Hi Guys i'm new in this forum  your reply is much appreciated

I'm planing to buy a used car here in dubai where can i get used car here in dubai other thant dubizzle. I want the honda civic either honda civic 2010. can you help me guys? my budget is 30k - 35k DHS.

and one thing dubizzle is good to get a used car?

thanks in advance!


----------



## FForwarder1985 (Apr 6, 2015)

Hi Calysta,

I am also looking for a car to buy. Dubizzle is the meeting point, all car dealers and private sellers (or many of them) announce their cars there.
So once you've found a car you like simply arrange a test with the buyer.


----------



## Stevesolar (Dec 21, 2012)

FForwarder1985 said:


> Hi Calysta,
> 
> I am also looking for a car to buy. Dubizzle is the meeting point, all car dealers and private sellers (or many of them) announce their cars there.
> So once you've found a car you like simply arrange a test with the buyer.

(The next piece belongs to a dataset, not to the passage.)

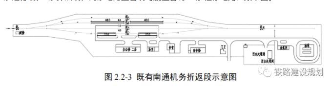 既有南通折返段折返段內設有 1 條出入段線,2 條電力機車整備線、2 條內燃機車整備線,1條走行線,1條卸油線,兩條電力整備線每股道各有 2 條檢修地溝,如下圖。

The above (especially last sentence) does not make any sense!
They are the buyer!!


----------



## calysta (Apr 12, 2015)

so the post from dubizzle is realible? or i just buy used car from agencies?

but anyways thanks for your reply


----------



## rsinner (Feb 3, 2009)

calysta said:


> so the post from dubizzle is realible? or i just buy used car from agencies?
> 
> but anyways thanks for your reply


As with anything second hand, buyer beware. So you may get a good car, or maybe someone pulls a fast one.
If you know nothing about cars, better to buy it from an agency (not always though). It would be more expensive, but you would have some peace of mind. Check out automalluae.com for Majid Al Futtaim dealership cars (which includes Honda amongst other things).


----------



## calysta (Apr 12, 2015)

Thank you rsinner!

Thank you everyone!


----------



## FForwarder1985 (Apr 6, 2015)

Stevesolar said:


> The above (especially last sentence) does not make any sense!
> They are the buyer!!


oh I meant the seller of course!


----------